Saturday, July 9, 2011

Note About Nutrition

I'm aware that alcohol has zero nutritional value. Unless you have a bloody mary. In which case you could've have a V8. To me, food has always been plentiful. You see, my folks owned a restaurant and they would always bring home leftovers. Or they would make things specially ordered. While many kids at school were bringing PB&J to school. I was bringing shrimp in lobster sauce. In college, times were strapped tight. I would use my college card to buy Dinty Moore beef stew cans and mix it ramen. Looking back, I can't see a difference between me and a trash compactor. Sure the compactor was getting more vitamins and minerals. To me, it was always a battle of choices. I often would forgo eating for smoking cigarettes. It was the Midwest, in college and bored. So, cut me some slack on that one since it was essentially prison.

Something I didn't realize before, because...well...maybe I was blocking this out: Was your mother ever convinced that you loved a certain food but you did not? My mom is CONVINCED I love beef. Every single time I'd come home, she'd sear a steak for me...and I REALLY dislike it. Her response "No you don't...you like it." Huh? I thought she had me confused with my sisters. But they barely ate meat. So I have no idea what went on in her mind. What she did teach me was variety. Everything on my plate was so different. We had fresh fruit ALL the time. My mom knew what season it was without missing a beat. Even today...she'd call me up..."grapes are in season, get some." Followed by a comparison of prices in California versus Ohio.

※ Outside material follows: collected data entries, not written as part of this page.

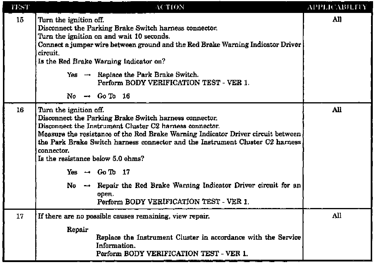 - RED BRAKE WARNING INDICATOR DRIVER CIRCUIT SHORTED TO GROUND
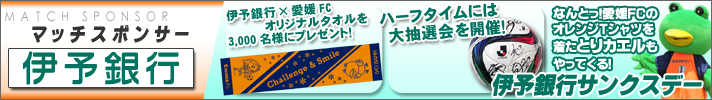 伊予銀行サンクスデーお楽しみ抽選会! マッチスポンサー伊予銀行プレゼンツ! 愛媛FC選手サイン入り公式球やサイン入りTシャツなどが当たるお楽しみ抽選会を開催! ■当選景品 ★愛媛FC選手サイン入り公式球 ・・・ 2名様 ★愛媛FC選手サイン入りTシャツ ・・・ 5名様 ★愛媛FCグッズ詰合せセット ・・・ 20名様 [セット内容] ・タオルマフラー(ファンシー) ・フラッグS ・メッシュキャップ(メッセージ) ・レザーキーホルダー |
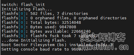 3、输入命令如“flash_init”回车,初始化flash文件系统。

Food is fuel. Nothing more. Americans live a very amazing lifestyle. You think they have buffets in Ethiopia? I don't think about food unless absolutely necessary. People obsess with it in the United States. The other day I went to Red Lobster and saw a menu with calorie counts for every dish. Is this how we want to live our lives? Allowing a stupid menu to decide for us? And why go to Red Lobster anyway when you know you're blowing a "diet". I blasted thru a grip of biscuits ('cause that's the real reason to go) with a clear conscience.

That's the thing, I think the more you think about it, the more you're defeating yourself. Why? Let's say I have a jelly donut. Bummer. I feel horrible I broke my diet. I spend the next few hours, if not days, dwelling on it. I'm just a horrible person. Next to Dahmer. So I go and work out religiously to burn that donut away. Seriously? I could spend a whole week on a treadmill but wouldn't erase the memory of that donut. How about this? You eat that donut with authority, say "Donut, you and me had our differences, but thanks for the tastiness you're about to give me." And never think about that donut again. You're having closure with your food cravings.

10:00AM Saturday July 9th (sorry about tan line) 157lbs. 5' 6"
I eat garbage all the time, but that same exact day as I'm reminiscing about the crap that I ate between dreaming about that beautiful girl from work, I drop my self-loathing of eating. You should't be embarrassed to eat. Enjoy it. Earn it. Never deny yourself things. Just don't overdo it. A lot of stuff I read is about why we eat. Anxiety. Boredom. Stress. I think we eat like we do because we think it'll go away. We all had our lean years. Food cravings can be swung by simply getting an intense exercise in. Me, I get too ill to eat. So I suck down a yogurt with some fruit. Which is all I can handle at the time. Earn your food. But make that food something you enjoy.